━━━━━ Data for the task
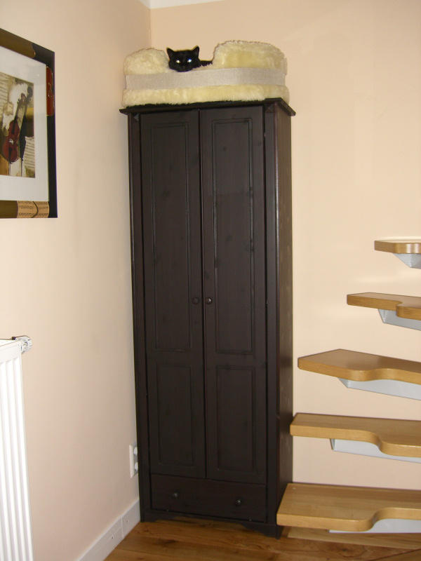 a poobiednie drzemki uskutecznia w (ukochanym) legowisku w kształcie miski umieszczonym na szafie:
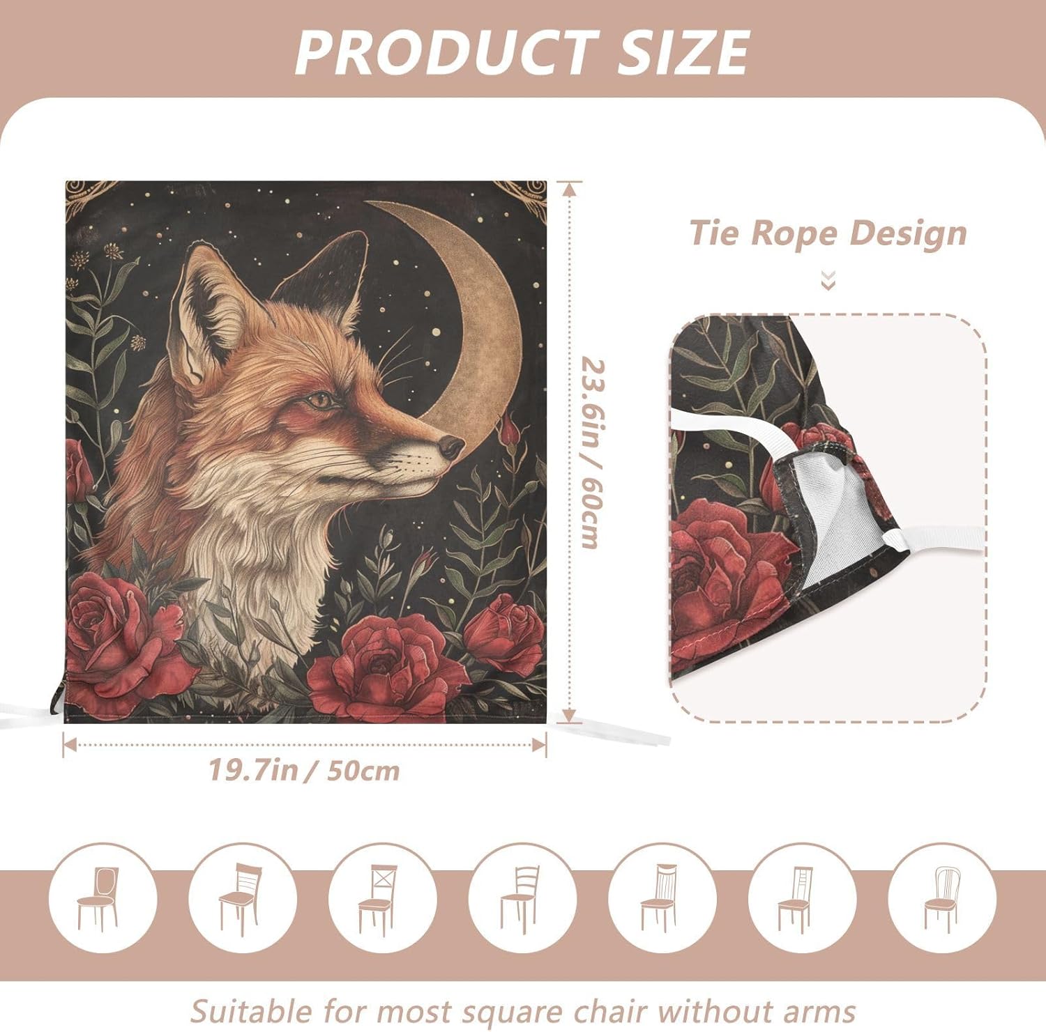 Chair Cover Material made of polyester,comfortable and soft to touch,reusable and suitable for long term use Features easy to install and remove, tie rope design at the bottom,machine washable Stylish Chair Decoration With beautiful pattern,it can be used for family party/ birthday party/wedding/ holiday party to add atmosphere, also can be used for chair decoration in living room, dorm, kitchen dining room,bedroom to bring protection to the chair while avoiding stains to dirty the chair back. Easy To Care Machine washable, Not washing with hot water, Not bleaching
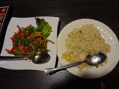 | 昼食は小林市の中国屋台金洋で、駐車場は狭いが店内は個室ぞろいで雰囲気良 | チンジャオロース(900円)、チャーハン(700円)を2人で分けていただきました | |
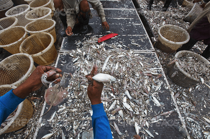 Workers sort fish catch onboard a bottom trawler in the Gulf of Thailand. Bottom trawl fishing uses weighted nets that are dragged on the bottom of the seafloor and can destroy whole habitats. When used with very small net mesh sizes they also catch everything in their path including non targeted species and juvenile marine life. Greenpeace is documenting illegal and destructive fishing methodologies in the Gulf of Thailand as part of its Oceans Defender tour.
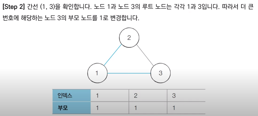 다음은 1번 노드와 3번 노드를 잇는 간선을 확인한다. 1번 노드와 3번 노드도 각각의 부모 노드가 자기 자신이므로, 더 큰 번호에 해당하는 3번 노드의 부모 노드를 1번 노드로 설정한다.
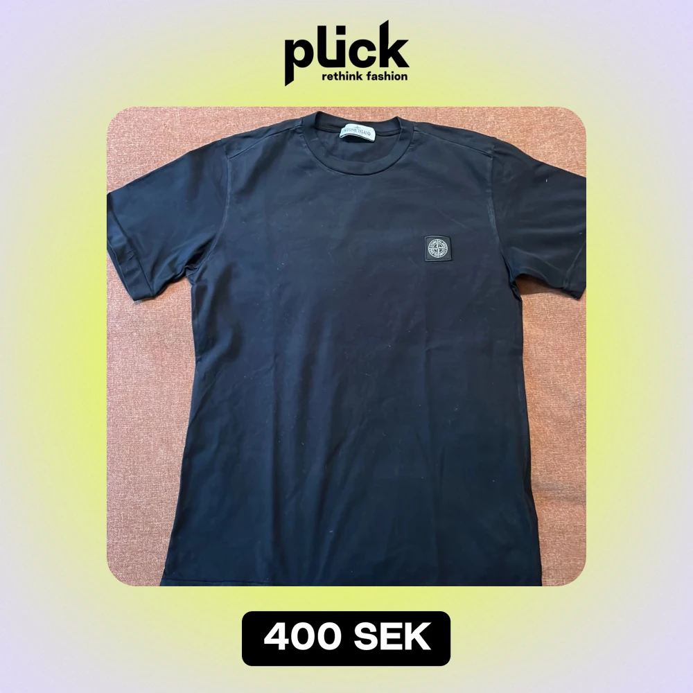 Säljer en stilren svart t-shirt från Stone Island Junior. Den har en klassisk rund hals och korta ärmar. På bröstet finns det ikoniska Stone Island-märket. Perfekt för en casual look eller att styla upp med en jacka.
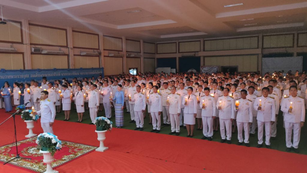 พิธีจุดเทียนถวายพระพรฯ 12 สิงหาคม 2567 โดย admin / ข่าวภารกิจผู้บังคับบัญชา,ประชาสัมพันธ์กิจกรรมของหน่วย วันที่ 12 สิงหาคม 2567 เวลา 18.00 น.พ.ต.อ.ธีรวุฒิ วงศาอ้วน ผกก.สภ.กมลาไสยพ.ต.ท.นครินทร์ ศรีอัครวิเนต รอง ผกก.ป.ฯพ.ต.ท.มงคล เจียงภูเขียว สวป.ฯพ.ต.ท.มณี สารขันธ์ สว.(สอบสวน)ฯพร้อมด้วยข้าราชการตำรวจ สภ.กมลาไสยร่วมกิจกรรมเฉลิมพระเกียรติสมเด็จพระนางเจ้าสิริกิติ์ พระบรมราชินีนาถ พระบรมราชชนนีพ้นปีหลวง เนื่องในโอกาสวันเฉลิมพระชนมพรรษา 12 สิ่งหาคม 2567 ในพิธีถวายเครื่องราชสักการะและวางพานพุ่ม และพิธีจุดเทียนถวายพระพรชัยมงคลโดยมี นายพุทธภูมิ นาชัยเริ่ม นายอำเภอกมลาไสย เป็นประธานในพิธี พร้อมด้วยหัวหน้าส่วนราชการต่าง ๆ ข้าราชการฯ ผู้นำส่วนท้องถิ่น กำนัน ผู้ใหญ่บ้าน ฯ ณ หอประชุมโรงเรียนพิพัฒน์ราษฎร์บำรุง ตำบลกมลาไสย อำเภอกมลาไสย จังหวัดกาฬสินธุ์ FacebookFacebookXXLINELine
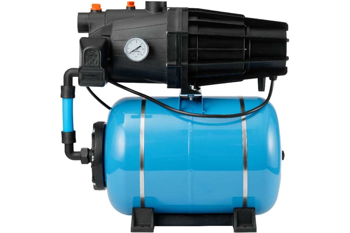 Описание Насосная станция Джилекс Джамбо ПРО 70/50 П-24 [3112] Поверхностный насос-автомат «ДЖАМБО ПРО» с гидроаккумулятором 70/50 П-24, или, как говорят пользователи – с гидробаком, разработан для создания автономной системы подачи чистой воды на загородном участке, в частном доме, и для повышения давления в существующих централизованных системах водоснабжения. Область применения Поверхностный насос-автомат «ДЖАМБО ПРО» 70/50 П-24 используется в системе автоматического водоснабжения для подачи чистой воды из: Характеристики поверхностного насоса-автомата «ДЖАМБО ПРО» с гидроаккумулятором 70/50 П-24 «ДЖАМБО ПРО» – название серии; «70» – производительность насоса, т. е. максимально возможный расход воды при свободном изливе в л/мин; «50» – максимальный напор водяного столба в метрах; «П» (инженерный пластик) – материал изготовления корпуса. Последняя цифра индекса «24» это объем гидроаккумулятора — у этой модификации он составляет 24 л.
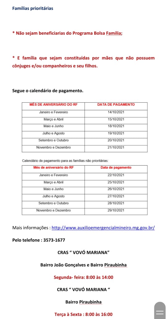 Mais informações : http://www.auxilioemergencialmineiro.mg.gov.br/
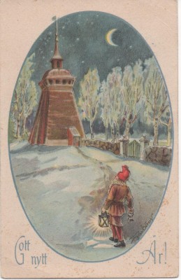 Postgånget Nyårskort av Tycho Ödberg.Tryckeri okänt.139 x 89 mm.
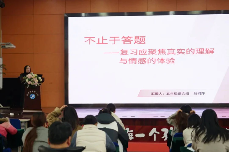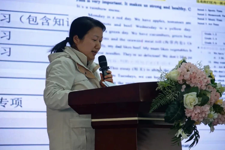 英语教研组周鸿老师聚焦五年级英语命题中的读写素养要求,从日常教学、作业设计、复习规划及教学难点突破四个方面展开质量分析汇报。她强调,教学中要注重核心素养各维度的相互渗透:日常教学需强化集体备课,聚焦英语知识的实际应用;作业设计要坚持素养导向、学科融合,设计主题实践作业,编写“每周一练”专项习题;复习阶段可创设生活化情景,以闯关形式开展专题复习,提升学生参与度;同时积极学习新技术,借助AI设计趣味游戏,精准突破教学难点,强化学生语言运用能力。
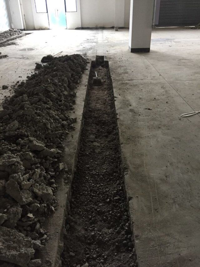 四川憨憨豆匠食品有限公司二期廠房裝修現(xiàn)場,線管施工,地坪開始施工中
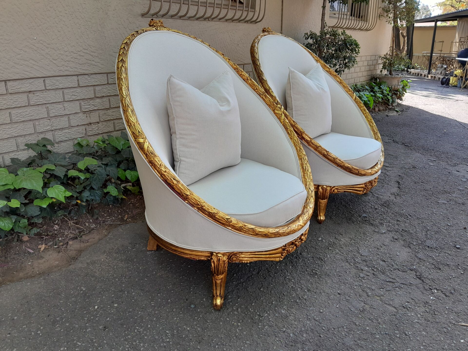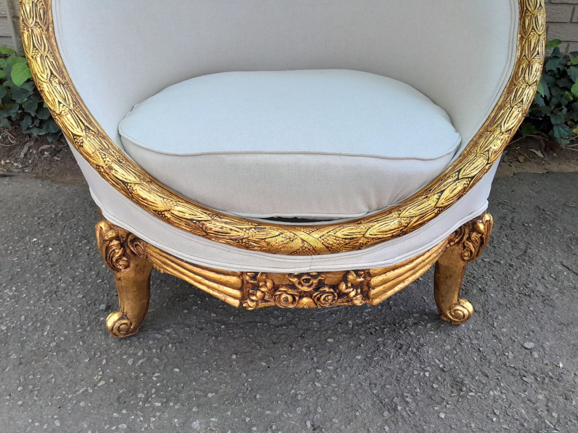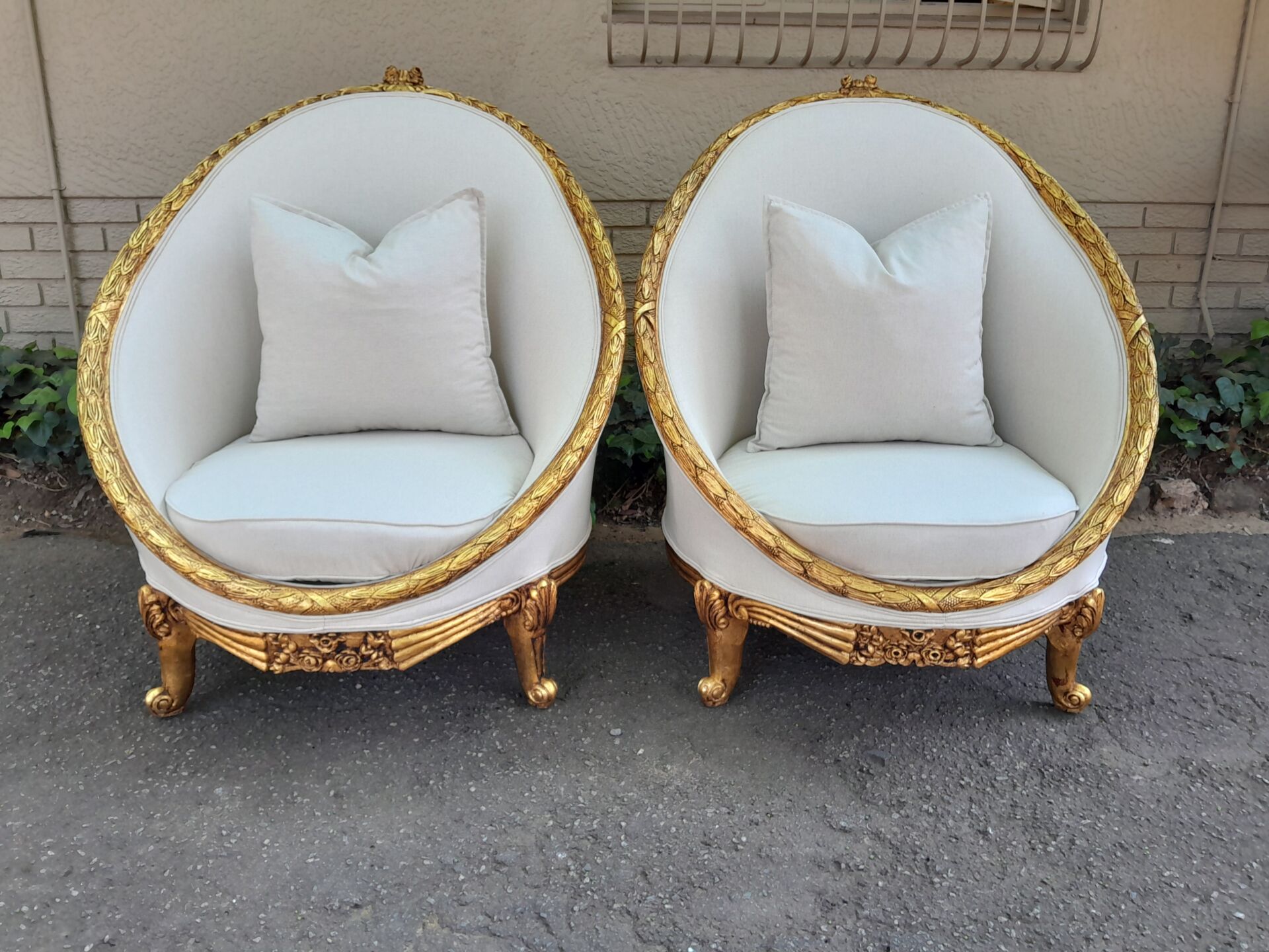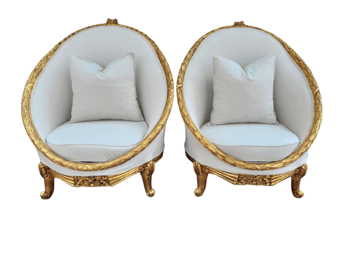 A Pair of French Empire Style Carved and Gilded Arm / Tub / Bergere Chairs
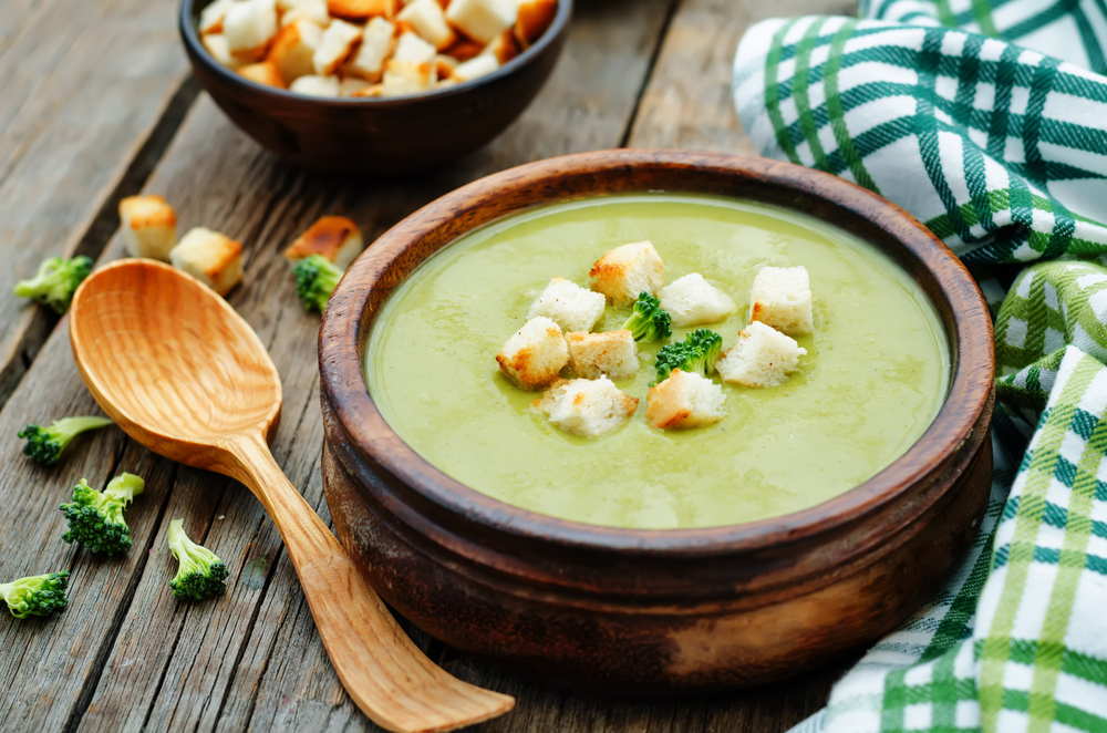 1 κιλό μπρόκολο, σε μπουκετάκια 3 κ.σ. βούτυρο 3 κ.σ. έ.π. ελαιόλαδο 4 πατάτες, μέτριες, σε μεγάλα κομμάτια 4 καρότα, σε μεγάλα κομμάτια 4 πράσα, σε μεγάλα κομμάτια 2 κρεμμύδια, ξερά, σε μεγάλα κομμάτια 80 ml λευκό ξηρό κρασί 800 ml ζωμό λαχανικών (σπιτικό ή ψυγείου, ή από βιολογικό κύβο) 3 κ.σ. μπαχαρικά (καρδάμωμο, μοσχοκάρυδο, γλυκιά πάπρικα) ξύσμα από 2 λεμόνια, ακέρωτα γιαούρτι, στραγγιστό, για το σερβίρισμα (προαιρετικά) ή μερικές φέτες προσούτο Ευρυτανίας και μερικά κρουτόν αλάτι και πιπέρι
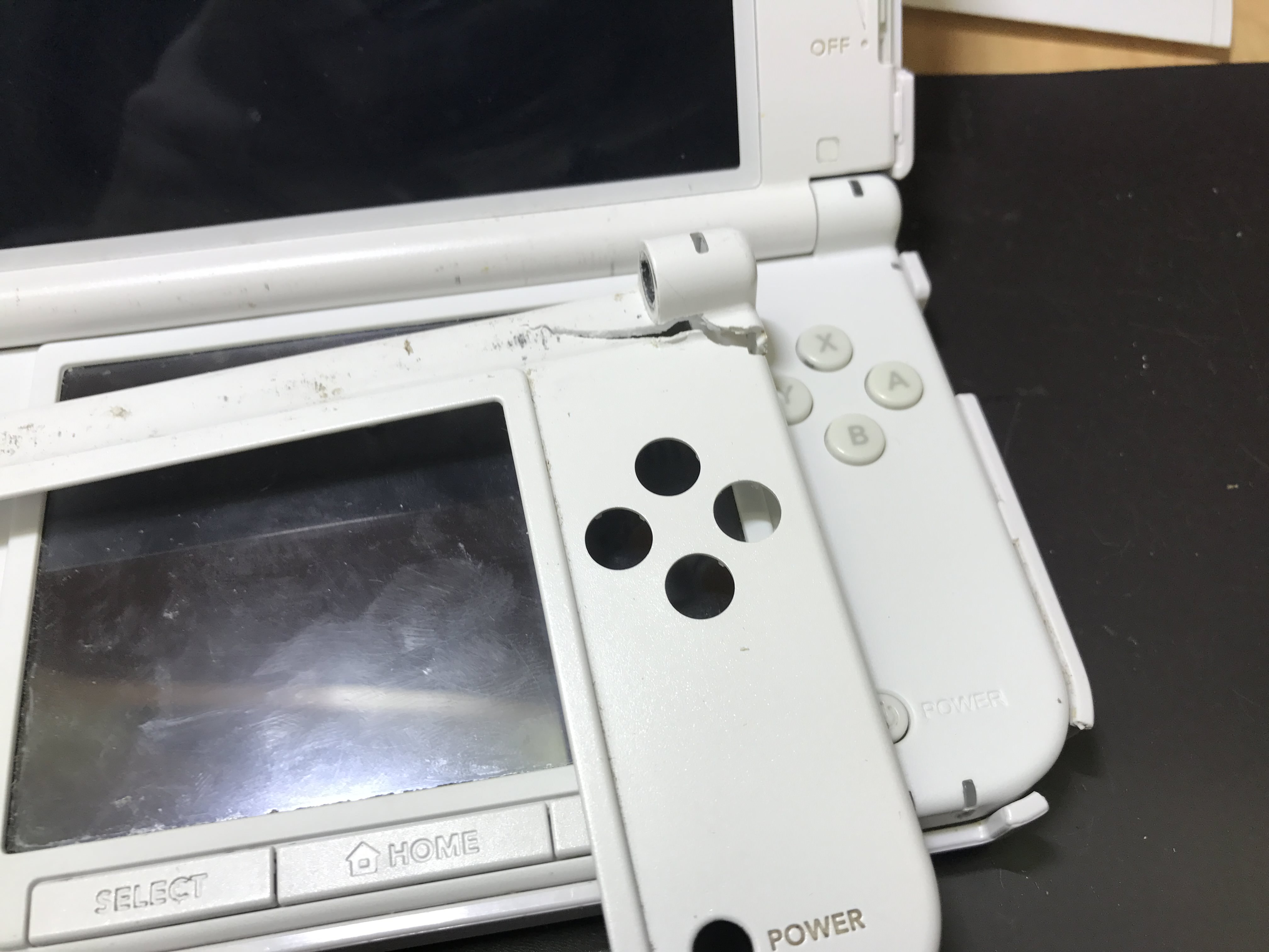 任天堂3DSLLの折りたたみヒンジ破損で
━━━━━━━━━━
What you are asked to do =
Copy only this from above: the line containing "다음은 1번 노드와 3번", the line containing "Säljer en stilren", and all lines between, printed exactly. Leave out the pictures.

Output for this task =
 다음은 1번 노드와 3번 노드를 잇는 간선을 확인한다. 1번 노드와 3번 노드도 각각의 부모 노드가 자기 자신이므로, 더 큰 번호에 해당하는 3번 노드의 부모 노드를 1번 노드로 설정한다.
 Säljer en stilren svart t-shirt från Stone Island Junior. Den har en klassisk rund hals och korta ärmar. På bröstet finns det ikoniska Stone Island-märket. Perfekt för en casual look eller att styla upp med en jacka.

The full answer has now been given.